Consider a system that has 4 CPU sockets. When all 4 sockets are populated, the number of Physical Processors (packages) is reported as 4. Now, remove 2 physical processors.
  • On Windows Server 2008 x86, the number of packages is reported as 2 for some CPU models, but 4 for other CPU models (MCM based CPUs).
  • On Windows Server 2008 x64, the number of packages is reported as 2 for all CPU models.
  • On Windows Server 2008 IA64, the number of packages is reported as 2 for all CPU models.

The number of packages can be viewed using a variety of tools.

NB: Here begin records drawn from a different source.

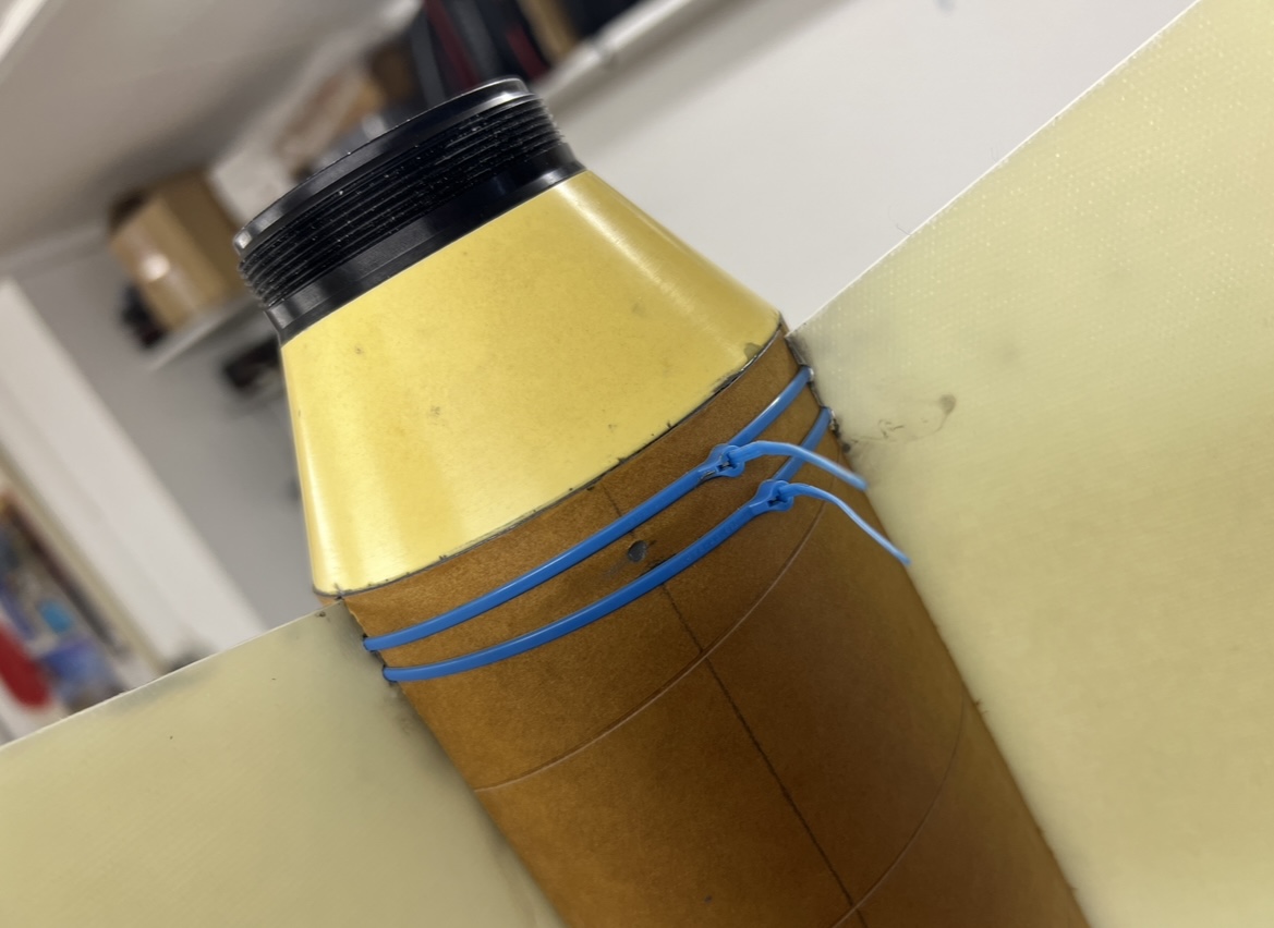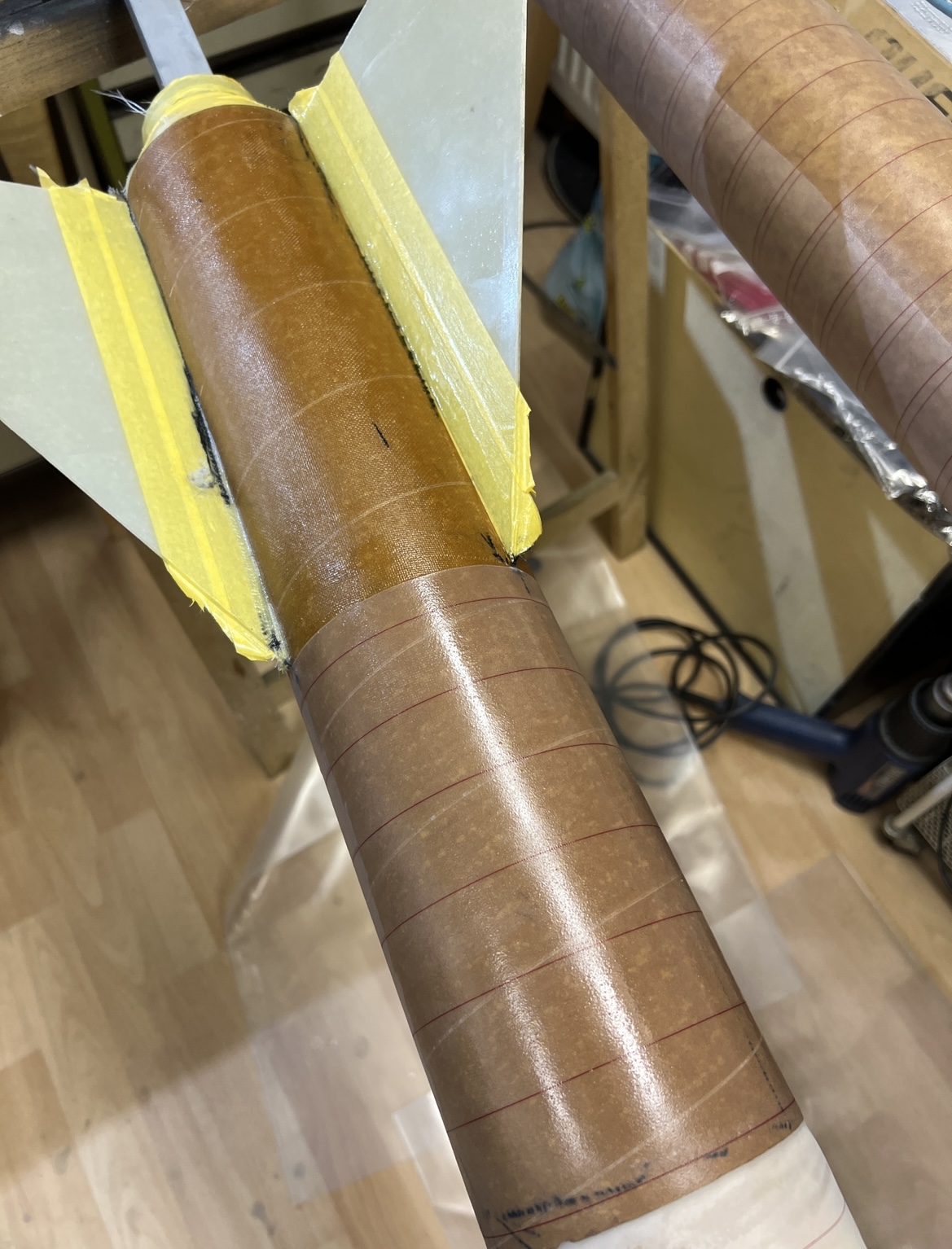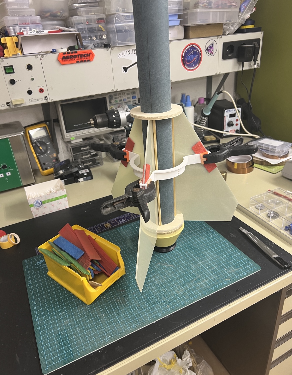 Endlich wurde das untere Körperrohr angebracht … dazu mussten erstmal alle Spante wieder von den Gewindestangen runter da sie den Aussendurchmesser des Couplers entsprechen .. Epoxy im Rohr inneren platziert … epoxy auf allen Klebeflächen aufgetragen … Und alles zusammengefügt … Ich hatte vorher die Finnen mit kleinen Aussparungen versehen um das ganze an den Klebestellen mit Kabelbindern zu fixieren und etwas Kraft auf die Flächen zu bekommen … Diese werden dann später durch die Aussenfillets verdeckt … Alles darf jetzt wieder trocknen … Hier schon mal ein kleiner Ausblick was draus wird :-) Grüße Marco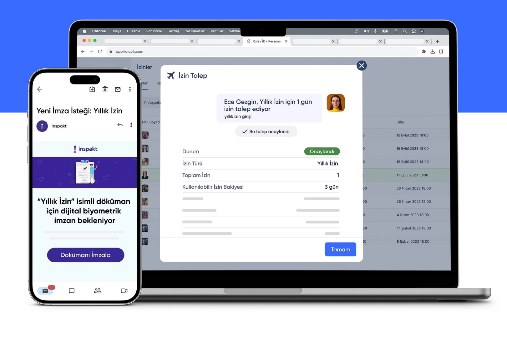 İş ilanı ve yetenek havuzu oluşturmaktan performans yönetimine kadar tüm İK süreçlerinde şirketlerin dijital çözüm ortağı olduklarını söyleyen Kolay İK CEO’su Çağlar Yalı, izin, harcama, fazla mesai ve diğer pek çok süreç ağırlıklı olarak geleneksel yöntemlerle kağıt belge üzerinden ilerlediğini belirterek, "Bazen bir belgeyi imzalatmak saatler, hatta ilgili kişinin yoğun veya izinde olması gibi durumlarda günler alabiliyor. Inspakt iş birliğimiz ile birlikte kullanıcılarımız bu süreçleri dijital ortamda yürüterek dakikalara indirgeyebilecek. Geçmiş dosyalara da dijital ortamdan kolaylıkla ulaşılabileceğinden hem zamandan tasarruf edilecek hem de belgeler güvende olacak. Ayrıca şirketler kağıt ve kargo maliyetlerini düşürecek, ağaçların kesilmesini önleyecek ve karbon ayak izlerini azaltacaklar. Üstelik tüm bunları Inspakt’ın Kolay İK kullanıcılarına özel fiyat avantajı ile sunuyoruz” diye konuştu.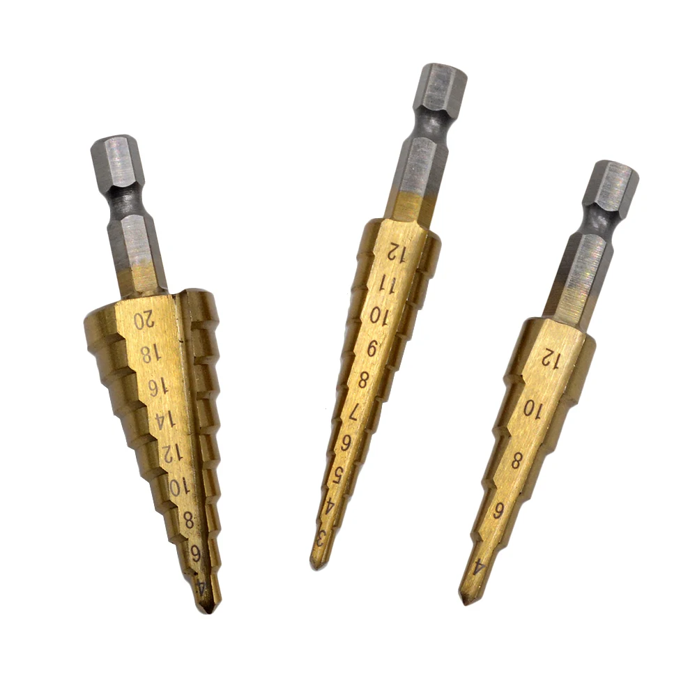 3 шт.лот титановые ступенчатые сверла 3-12 мм 4-12 мм 4-20 мм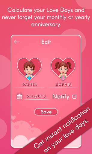 منذ متى كانت togather؟ عد أيام حبك بأسلوب فريد جدا عن طريق إنشاء صورة الحب. أضف تاريخ علاقة حبك، أضف صورتك وصورة صديقتك، كما تختار من خلفيات موضوع الحب المصممة خصيصا. احصل على Love Notfication كما تريد - Dailt، الذكرى الأسبوعية، الذكرى الشهرية أو الذكرى السنوية السنوية. لا تنسى أبدا ذكرى حبك. احتفل بعيد الحب الذكرى دائما. مشاركة حالة حبك مع هذه العدادات الحب أيام. اكتب اسم Girriends الخاص بك في نمط خط فريد لإنشاء لمسة شخصية.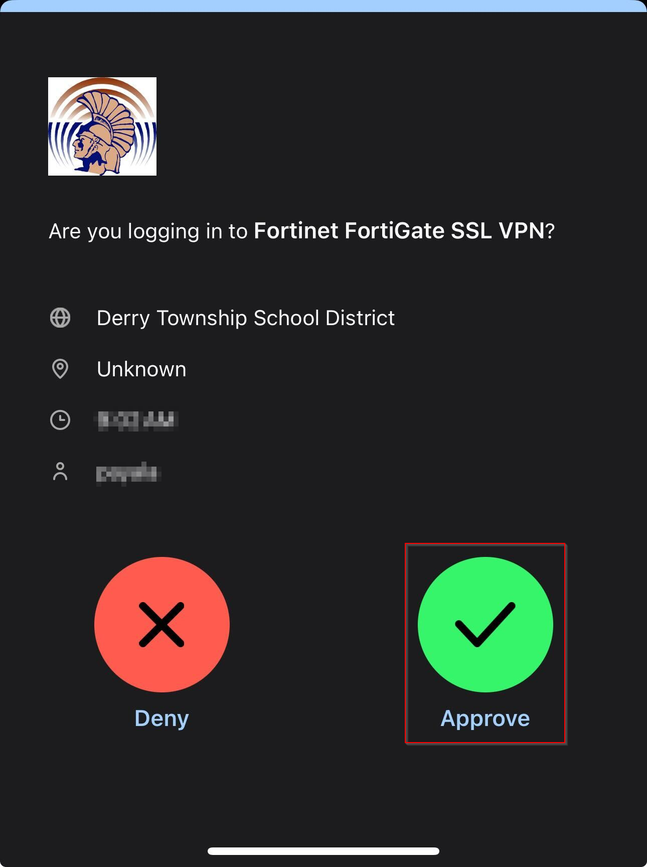 Right-click on FortiClient Shield Select Connect to "DTSD VPN" Open the Duo App on a mobile device, select Approve |

The GetLogicalProcessorInformation function can be used to retrieve this information programmatically.
  • MSInfo32 reports the Physical Packages as 'Processor' entries in the System Summary table.
  • Sysinternals CoreInfo (http://technet.microsoft.com/en-us/sysinternals/cc835722) reports the Physical Packages via the "Logical Processor to Socket Map" section:
    C:\Tools>Coreinfo.exe

    Coreinfo v3.05 - Dump information on system CPU and memory topology
    Copyright (C) 2008-2012 Mark Russinovich
    Sysinternals - www.sysinternals.com

    Logical to Physical Processor Map:
    *----------------------- Physical Processor 0
    -*---------------------- Physical Processor 1
    --*--------------------- Physical Processor 2
    ---*-------------------- Physical Processor 3
    ----*------------------- Physical Processor 4
    -----*------------------ Physical Processor 5
    ------*----------------- Physical Processor 6
    -------*---------------- Physical Processor 7
    --------*--------------- Physical Processor 8
    ---------*-------------- Physical Processor 9
    ----------*------------- Physical Processor 10
    -----------*------------ Physical Processor 11
    ------------*----------- Physical Processor 12
    -------------*---------- Physical Processor 13
    --------------*--------- Physical Processor 14
    ---------------*-------- Physical Processor 15
    ----------------*------- Physical Processor 16
    -----------------*------ Physical Processor 17
    ------------------*----- Physical Processor 18
    -------------------*---- Physical Processor 19
    --------------------*--- Physical Processor 20
    ---------------------*-- Physical Processor 21
    ----------------------*- Physical Processor 22
    -----------------------* Physical Processor 23

    Logical Processor to Socket Map:
    *-*-*-*-*-*------------- Socket 0
    -*-*-*-*-*-*------------ Socket 1
    ------------*-*-*-*-*-*- Socket 2
    -------------*-*-*-*-*-* Socket 3

    Logical Processor to NUMA Node Map:
    *-*-*-*-*-*------------- NUMA Node 0
    ------------*-*-*-*-*-*- NUMA Node 1
    -*-*-*-*-*-*------------ NUMA Node 2
    -------------*-*-*-*-*-* NUMA Node 3

    Cross NUMA Node Access Costs (relative to same node access):
    00 01 02 03
    00: 3.6 3.9 3.7 3.9
    01: 4.5 4.6 4.6 4.6
    02: 1.5 1.2 1.0 1.0
    03: 3.6 3.4 2.7 2.6

    ...
  • Using PowerShell and WMI, each instance of the Win32_Processor class is a Processor Package:
    PS C:\> Get-WmiObject -class Win32_Processor | ft Name,DeviceID,NumberOfCores,NumberOfLogicalProcessors
    Name DeviceID NumberOfCores NumberOfLogicalProcessors
    ---- -------- ------------- -------------------------
    AMD Opteron(tm) Processor ... CPU0 6 6
    AMD Opteron(tm) Processor ... CPU1 6 6
    AMD Opteron(tm) Processor ... CPU2 6 6
    AMD Opteron(tm) Processor ... CPU3 6 6

Cause

The kernel uses the System Resource Affinity Table (SRAT) to define the topology of the hardware. The SRAT defines the proximity of the logical cores to the NUMA nodes, and the proximity of RAM to the NUMA nodes. Each architecture of Windows Server 2008 has its own implementation of the SRAT interpretation. In the Windows Server 2008 x86 implementation, it is specified that a NUMA node has one or more physical packages in it. That is, a physical package cannot span multiple NUMA nodes. This design matched the hardware capabilities of Windows Server 2008 x86 at launch.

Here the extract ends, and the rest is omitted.